— Плевал я на Европу, — жуя, невнятно проговорил Алехин. — Так им и надо. Пустили к себе домой толпу обезьян, уравняли их в правах с людьми, а теперь не знают, в какое место еще их лизнуть, чтоб перестали обезьянничать и начали работать. А где они, чудаки, видели обезьяну с лопатой?
— Когда на сцену вышла русская обезьяна и сыграла на лопате, зал взорвался овациями, — задумчиво пробормотал Федор Филиппович, цитируя старый, времен холодной войны и железного занавеса, полузабытый анекдот.
— Вот разве что, — хмыкнул Алехин и глотнул пива. — Но как-то это все не по делу, слишком общо…
— Кухонная философия, — согласился Потапчук. — Голос из предбанника. А что ты предлагаешь — обсуждать конкретные меры по выковыриванию террористов со дна канализации? Мне этого на службе вот так хватает! — Он чиркнул по горлу распотрошенным лещом. — Да и тебе, я думаю, тоже. Что тут обсуждать? Ну, допустим, вычислим мы этого Юнусова, шлепнем или посадим, и что? Эти сволочи, как крапива: сколько ее ни коси, она только шире разрастается. И подумать только: всего один подонок, а сколько дел натворил! Сколько крови пролил, и сколько людей за приличную зарплату только тем и заняты, что пытаются его поймать!

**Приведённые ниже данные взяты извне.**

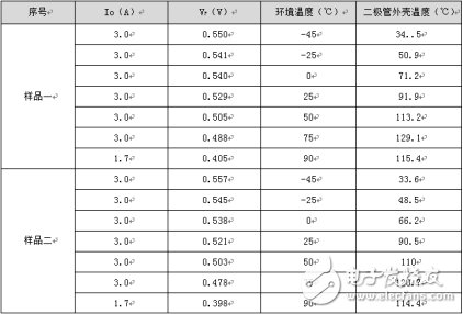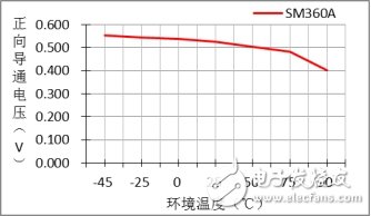 在我们开发产品的过程中,高低温环境对电子元器件的影响才是产品稳定工作的最大障碍。环境温度对绝大部分电子元器件的影响无疑是巨大的,二极管当然也不例外,在高低温环境下通过对SM360A的实测数据表1与图3的关系曲线可知道:二极管的导通压降与环境温度成反比。在环境温度为-45℃时虽导通压降最大,却不影响二极管的稳定性,但在环境温度为75℃时,外壳温度却已超过了数据手册给出的125℃,则该二极管在75℃时就必须降额使用。这也是为什么开关电源在某一个高温点需要降额使用的因素之一。

Непродуктивно это — всем скопом, с топорами и лопатами гоняться по комнате за одной-единственной мухой, когда во дворе гниет коровья туша, и около нее этих мух — миллион и еще немножко. Сначала надо убрать у себя из-под носа дерьмо, в котором они плодятся, а уж потом разбираться с отдельно взятыми экземплярами.
Алехин поаплодировал ему двумя лещами, стуча ими друг о друга и попутно их разминая.
— Браво! — воскликнул он и протянул одного из лещей Федору Филипповичу. — Держи, заслужил. Чеканная формулировка! А говоришь, не хочешь обсуждать конкретные меры. Между тем, ты сейчас сказал очень умную вещь. Если перевести ее на более конкретный, деловой язык, она будет звучать примерно так: наша политика на Северном Кавказе в очередной раз доказала свою полную несостоятельность и требует коренного пересмотра — разумеется, в сторону ужесточения. Верно?
— Я, лично, предпочитаю говорить о мухах и дерьме, — уклончиво ответил Потапчук. — Потому что в твоем переводе моя чеканная формулировка звучит как критика действий высшего политического руководства страны. Дешевое фрондерство простительно, когда ему предаются обыватели, но мыто с тобой — не обыватели! Нас за такие разговоры в два счета мехом внутрь вывернут!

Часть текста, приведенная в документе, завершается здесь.